▶ **REQUIRED ACTION**:
Below are records to retype exactly, except for the pictures.
*** Opening of AVAILABLE DATA ***
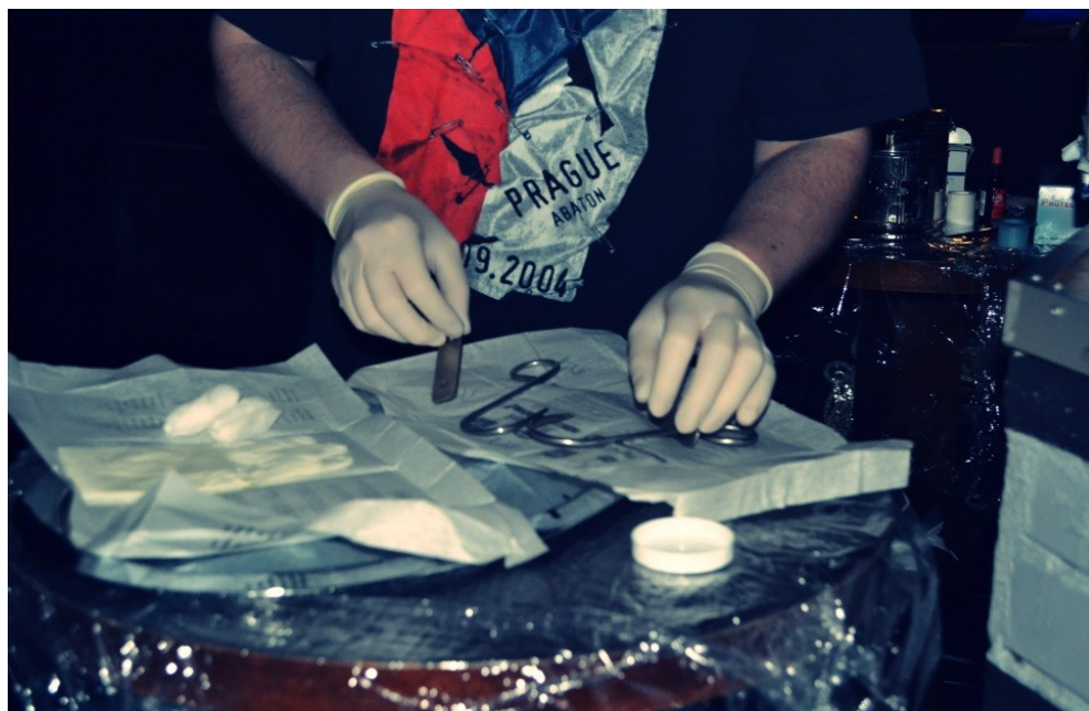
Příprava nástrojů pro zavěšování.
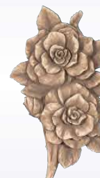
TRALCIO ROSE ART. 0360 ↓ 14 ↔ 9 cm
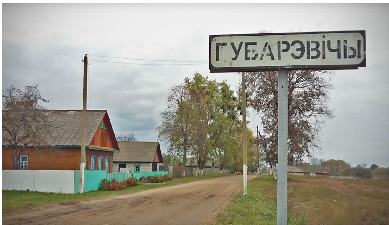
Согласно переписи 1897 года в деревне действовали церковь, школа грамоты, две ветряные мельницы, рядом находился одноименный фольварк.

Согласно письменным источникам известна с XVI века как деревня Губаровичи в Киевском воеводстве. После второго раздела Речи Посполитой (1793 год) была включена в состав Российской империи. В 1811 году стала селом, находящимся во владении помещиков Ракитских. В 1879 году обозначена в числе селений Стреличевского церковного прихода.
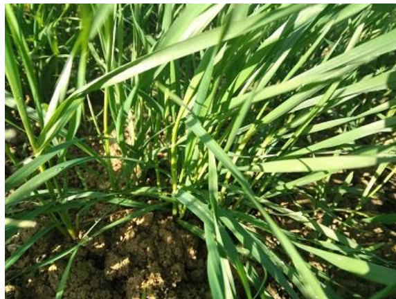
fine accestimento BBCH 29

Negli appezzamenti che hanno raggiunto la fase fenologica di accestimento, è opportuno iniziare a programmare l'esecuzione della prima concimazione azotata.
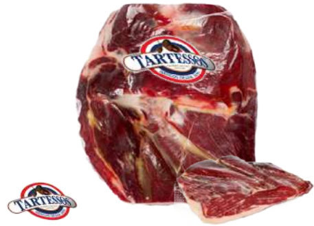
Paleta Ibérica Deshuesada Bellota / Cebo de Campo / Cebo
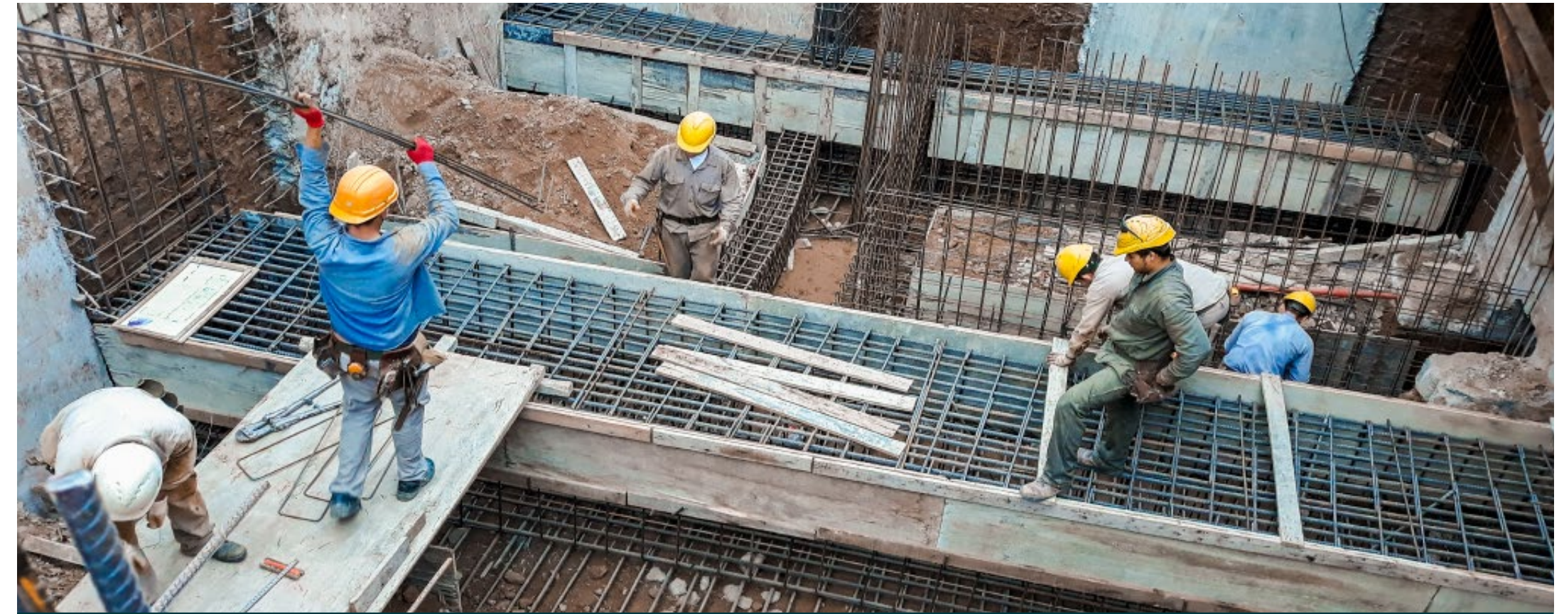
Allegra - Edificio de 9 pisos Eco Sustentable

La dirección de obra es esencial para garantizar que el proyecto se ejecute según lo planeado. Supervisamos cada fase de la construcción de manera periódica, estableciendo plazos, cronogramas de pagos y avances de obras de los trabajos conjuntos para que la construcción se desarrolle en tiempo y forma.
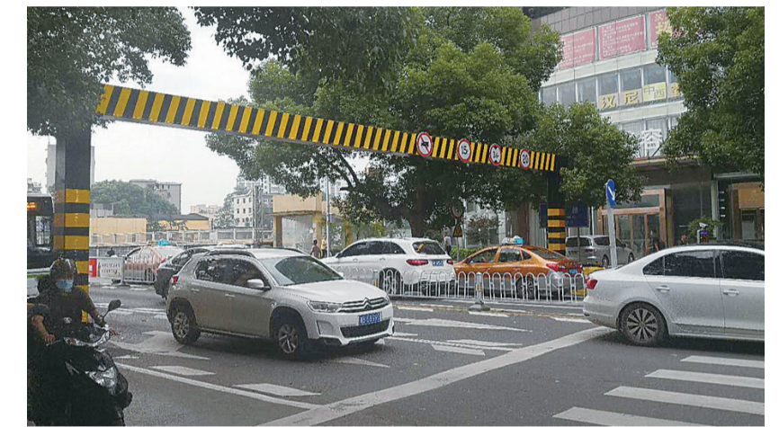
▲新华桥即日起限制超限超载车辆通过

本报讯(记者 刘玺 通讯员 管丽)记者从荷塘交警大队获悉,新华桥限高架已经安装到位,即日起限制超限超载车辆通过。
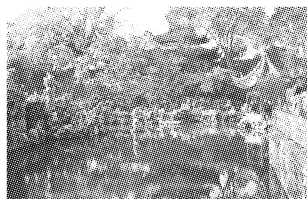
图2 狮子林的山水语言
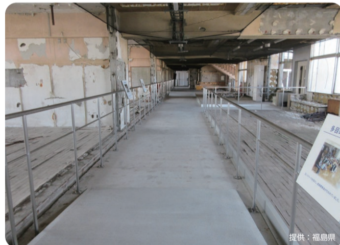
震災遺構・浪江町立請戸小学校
*** Close of AVAILABLE DATA ***
▶ **OUTPUT OF THE TASK**:
Příprava nástrojů pro zavěšování.
TRALCIO ROSE ART. 0360 ↓ 14 ↔ 9 cm
Согласно переписи 1897 года в деревне действовали церковь, школа грамоты, две ветряные мельницы, рядом находился одноименный фольварк.

Согласно письменным источникам известна с XVI века как деревня Губаровичи в Киевском воеводстве. После второго раздела Речи Посполитой (1793 год) была включена в состав Российской империи. В 1811 году стала селом, находящимся во владении помещиков Ракитских. В 1879 году обозначена в числе селений Стреличевского церковного прихода.
fine accestimento BBCH 29

Negli appezzamenti che hanno raggiunto la fase fenologica di accestimento, è opportuno iniziare a programmare l'esecuzione della prima concimazione azotata.
Paleta Ibérica Deshuesada Bellota / Cebo de Campo / Cebo
Allegra - Edificio de 9 pisos Eco Sustentable

La dirección de obra es esencial para garantizar que el proyecto se ejecute según lo planeado. Supervisamos cada fase de la construcción de manera periódica, estableciendo plazos, cronogramas de pagos y avances de obras de los trabajos conjuntos para que la construcción se desarrolle en tiempo y forma.
▲新华桥即日起限制超限超载车辆通过

本报讯(记者 刘玺 通讯员 管丽)记者从荷塘交警大队获悉,新华桥限高架已经安装到位,即日起限制超限超载车辆通过。
图2 狮子林的山水语言
震災遺構・浪江町立請戸小学校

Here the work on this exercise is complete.